* _Exercise goal_
Each record below should be returned exactly, with its pictures left out.

* _Supplied data_
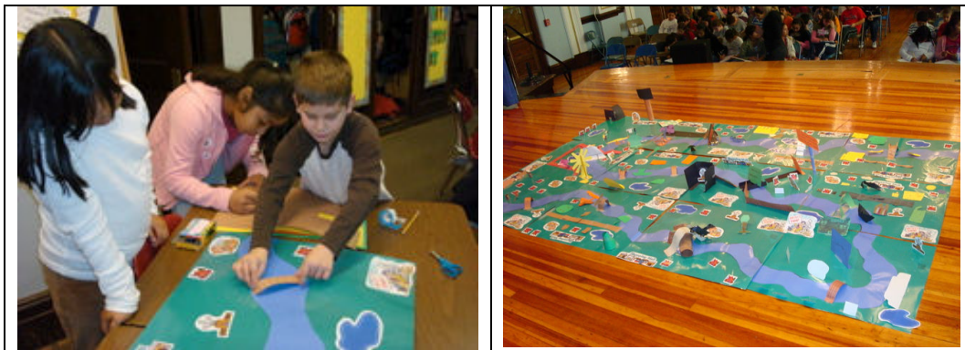
Figure 3: Students Build Communities within a Watershed

Another example is the “Water and the Environment” follow-up workshop held in October, 2007. The teachers learned the different properties of water, the different environmental factors that affect the environment and various techniques for how to teach these concepts to their students. In the following months, teachers used, adopted, and applied what they learned from the workshop in their classrooms. In one particular case, teachers in one school gathered all the Grades 3-5 students and asked them to work together to build four different watershed-friendly communities. The students worked as environmental scientists and engineers to build these four communities that were on top of the watershed. Students learned how to negotiate, compromise, study, plan, and work with each other and with other communities to preserve the water source and to use the water efficiently. They applied what they learned in science by deciding where to put the school, farm, factory, community, and others in their community with respect to the water source and the other communities (Figure 3).
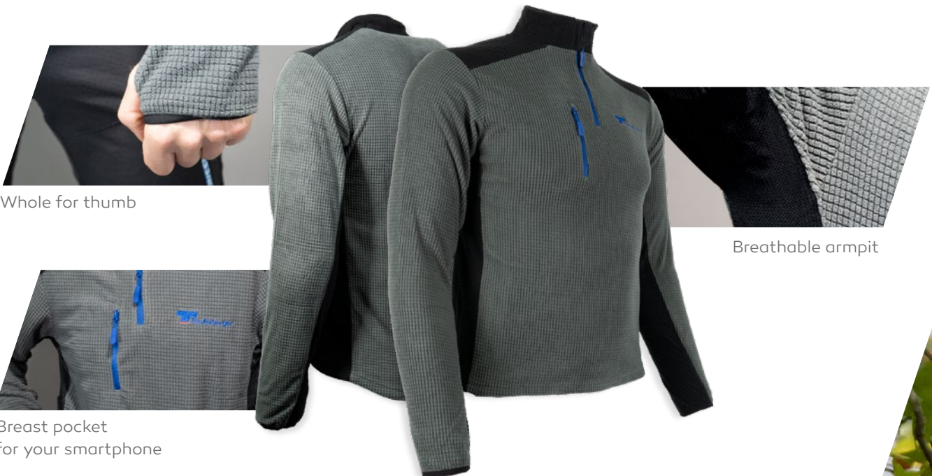
Whole for thumb
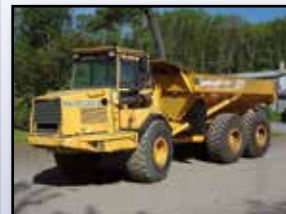
'96 VOLVO A25C

1996 VOLVO Model A25C, 25 Ton 6x6 End Dump , s/n 5350V60881, powered by Volvo diesel engine and powershift transmission, equipped with 23.5R25 tires. In good condition with good tires.
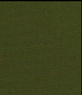
BREAK - 5
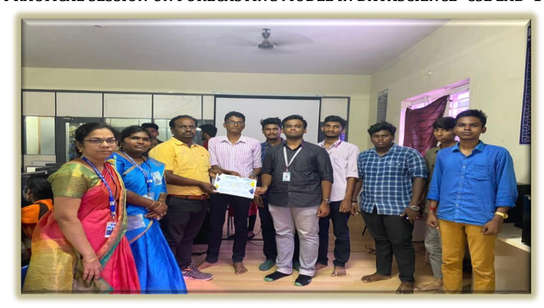
CERTIFICATE DISTRIBUTION IN GREAT MANNER
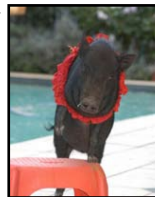
Belly, South Africa 2006

$25 includes 1st Class Shipping in the U.S.
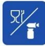
Food and drug
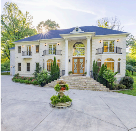
FALLS CHURCH, VA $2,050,000 6463 Eppard St
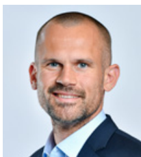
Stefan Holm (Athletics, Sweden)
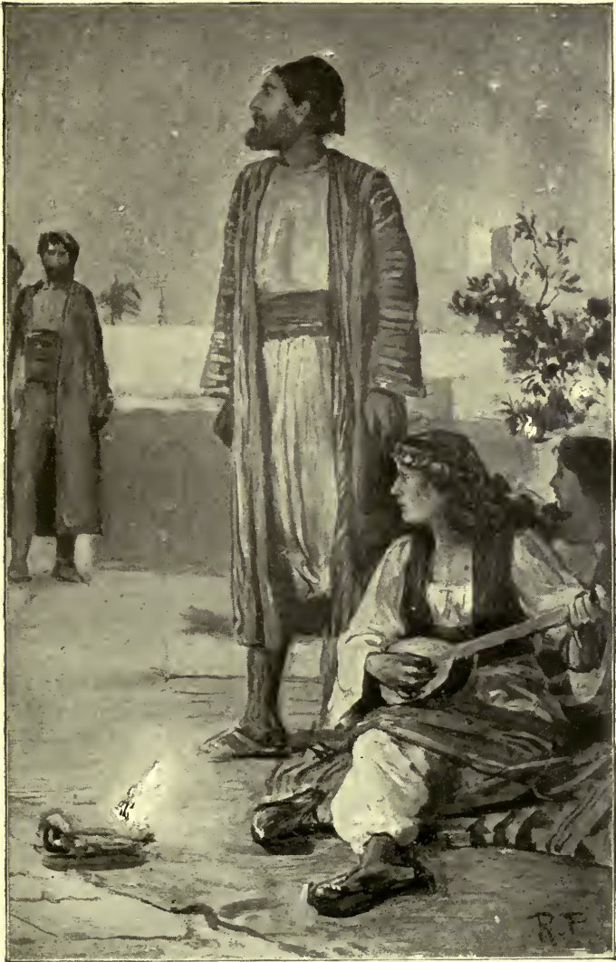
A GIRL WAS PLAYING A LUTE, AND ANOTHER SINGING TO HER ACCOMPANIMENT.
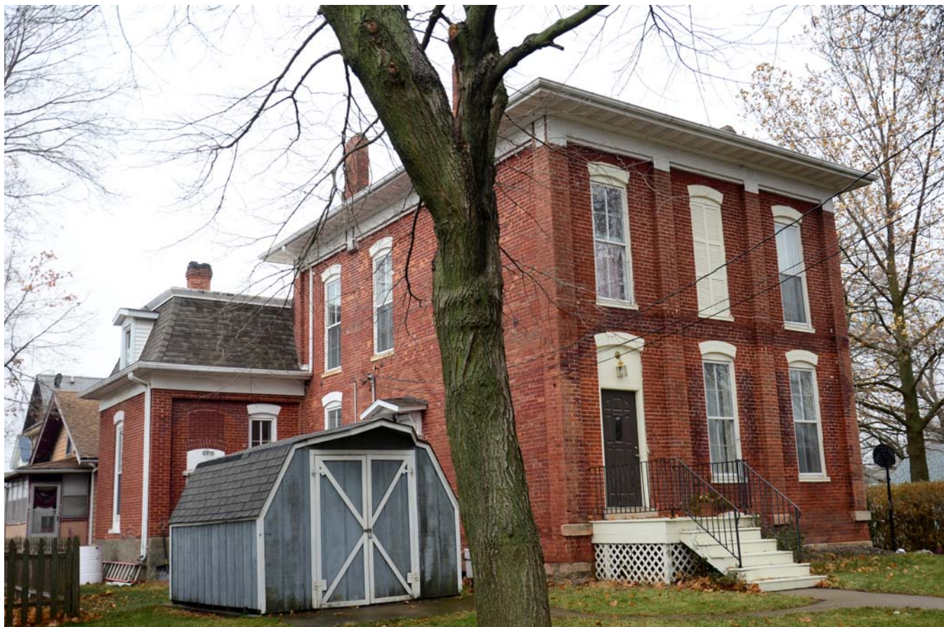
Photograph 92-00155-002 - House, looking northwest (December 2014)
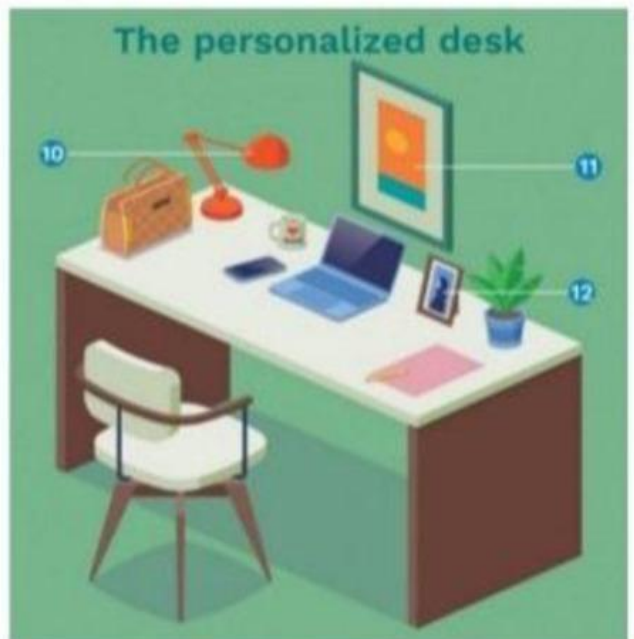
The personalized desk
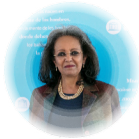
H. E. Ms Sahle-Work Zewde Chair, International Commission
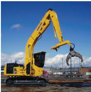
CAMBERED MAIN BOOM
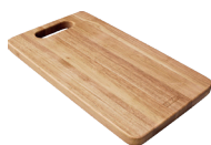
CB 932 Chopping Board
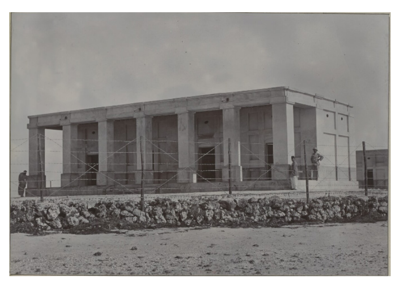
Figure 1. 1931 Photograph of the new quarantine site in Bahrain. IOR/R/15/2/306, f 115 1, "Photograph of the new quarantine site, Bahrain"

In the accompanying photograph (Figure 1), the quarantine station sits on slightly elevated ground and is cordoned off from the surrounding community by a barbed wire fence. This arrangement partitioned individuals with the potential to carry disease in buildings that differed from indigenous architecture by appearance, material, and organization. It also managed water use and the separation of waste in the form of designated wells and latrines.
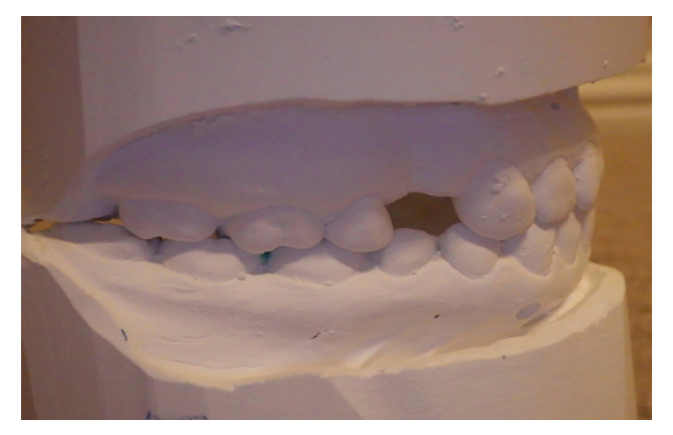
1(c) Pre-operative diagnostic cast.
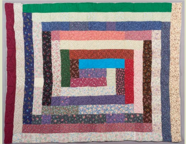
Log Cabin Quilt Anacostia Community Museum Artist: Ira Blount
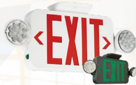
CC Combination Exit/Unit

Products with this icon have optional Self-Test/Self-Diagnostics available
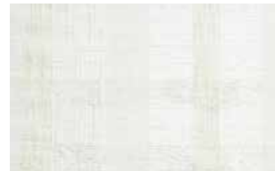
LEAM32-03 Hatch Chalk
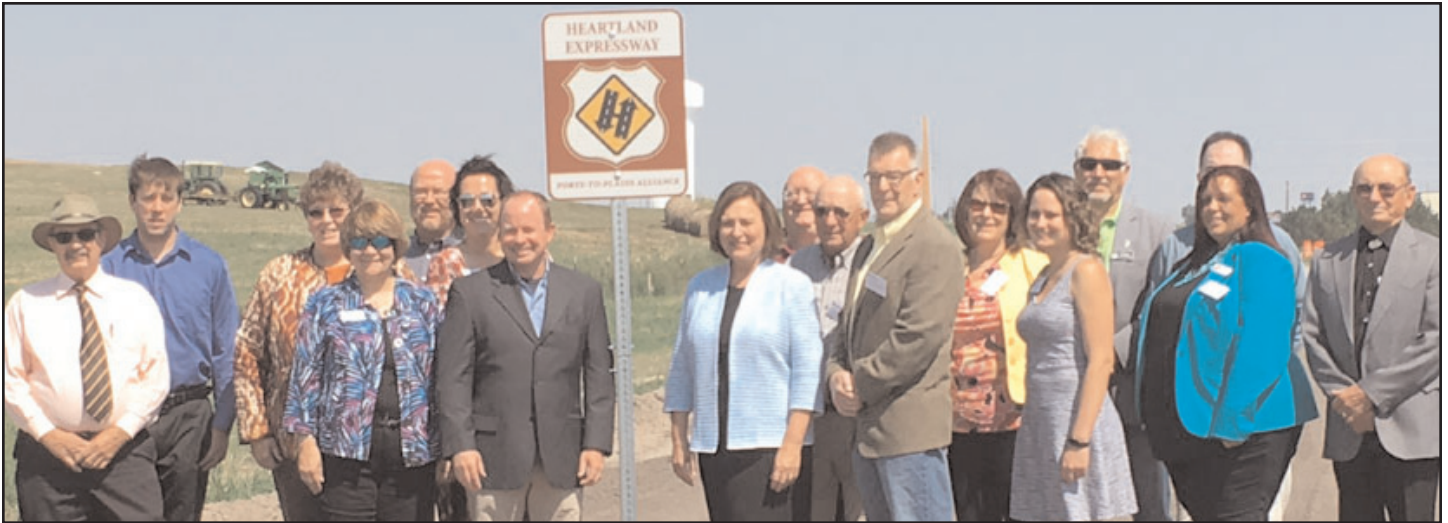
Members of the Heartland Expressway Association and elected officials gathered with US Senator Deb Fischer for an official unveiling of

* _Reply to the exercise_
Figure 3: Students Build Communities within a Watershed

Another example is the “Water and the Environment” follow-up workshop held in October, 2007. The teachers learned the different properties of water, the different environmental factors that affect the environment and various techniques for how to teach these concepts to their students. In the following months, teachers used, adopted, and applied what they learned from the workshop in their classrooms. In one particular case, teachers in one school gathered all the Grades 3-5 students and asked them to work together to build four different watershed-friendly communities. The students worked as environmental scientists and engineers to build these four communities that were on top of the watershed. Students learned how to negotiate, compromise, study, plan, and work with each other and with other communities to preserve the water source and to use the water efficiently. They applied what they learned in science by deciding where to put the school, farm, factory, community, and others in their community with respect to the water source and the other communities (Figure 3).
Whole for thumb
'96 VOLVO A25C

1996 VOLVO Model A25C, 25 Ton 6x6 End Dump , s/n 5350V60881, powered by Volvo diesel engine and powershift transmission, equipped with 23.5R25 tires. In good condition with good tires.
BREAK - 5
CERTIFICATE DISTRIBUTION IN GREAT MANNER
Belly, South Africa 2006

$25 includes 1st Class Shipping in the U.S.
Food and drug
FALLS CHURCH, VA $2,050,000 6463 Eppard St
Stefan Holm (Athletics, Sweden)
A GIRL WAS PLAYING A LUTE, AND ANOTHER SINGING TO HER ACCOMPANIMENT.
Photograph 92-00155-002 - House, looking northwest (December 2014)
The personalized desk
H. E. Ms Sahle-Work Zewde Chair, International Commission
CAMBERED MAIN BOOM
CB 932 Chopping Board
Figure 1. 1931 Photograph of the new quarantine site in Bahrain. IOR/R/15/2/306, f 115 1, "Photograph of the new quarantine site, Bahrain"

In the accompanying photograph (Figure 1), the quarantine station sits on slightly elevated ground and is cordoned off from the surrounding community by a barbed wire fence. This arrangement partitioned individuals with the potential to carry disease in buildings that differed from indigenous architecture by appearance, material, and organization. It also managed water use and the separation of waste in the form of designated wells and latrines.
1(c) Pre-operative diagnostic cast.
Log Cabin Quilt Anacostia Community Museum Artist: Ira Blount
CC Combination Exit/Unit

Products with this icon have optional Self-Test/Self-Diagnostics available
LEAM32-03 Hatch Chalk
Members of the Heartland Expressway Association and elected officials gathered with US Senator Deb Fischer for an official unveiling of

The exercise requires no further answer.